> **TASK INSTRUCTIONS**
Each line in the records below, from the one that contains "This upgraded vanity" to the one that contains "Record. | |||||", should be reproduced exactly, the first and last included.
::: DATA EXCERPTS :::
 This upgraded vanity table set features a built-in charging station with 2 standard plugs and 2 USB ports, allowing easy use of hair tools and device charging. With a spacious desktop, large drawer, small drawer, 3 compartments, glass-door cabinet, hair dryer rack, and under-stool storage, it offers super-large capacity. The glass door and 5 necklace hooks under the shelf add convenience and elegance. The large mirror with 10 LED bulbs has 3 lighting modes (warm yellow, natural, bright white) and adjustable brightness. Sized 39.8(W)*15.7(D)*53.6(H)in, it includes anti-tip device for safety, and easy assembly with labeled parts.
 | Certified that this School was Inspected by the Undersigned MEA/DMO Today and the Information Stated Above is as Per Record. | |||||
:::
::: DATA EXCERPTS :::
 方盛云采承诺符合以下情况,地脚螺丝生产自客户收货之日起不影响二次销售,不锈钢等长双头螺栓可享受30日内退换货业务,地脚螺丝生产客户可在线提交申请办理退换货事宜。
:::
> **SOLUTION TO THE EXERCISE**
 This upgraded vanity table set features a built-in charging station with 2 standard plugs and 2 USB ports, allowing easy use of hair tools and device charging. With a spacious desktop, large drawer, small drawer, 3 compartments, glass-door cabinet, hair dryer rack, and under-stool storage, it offers super-large capacity. The glass door and 5 necklace hooks under the shelf add convenience and elegance. The large mirror with 10 LED bulbs has 3 lighting modes (warm yellow, natural, bright white) and adjustable brightness. Sized 39.8(W)*15.7(D)*53.6(H)in, it includes anti-tip device for safety, and easy assembly with labeled parts.
 | Certified that this School was Inspected by the Undersigned MEA/DMO Today and the Information Stated Above is as Per Record. | |||||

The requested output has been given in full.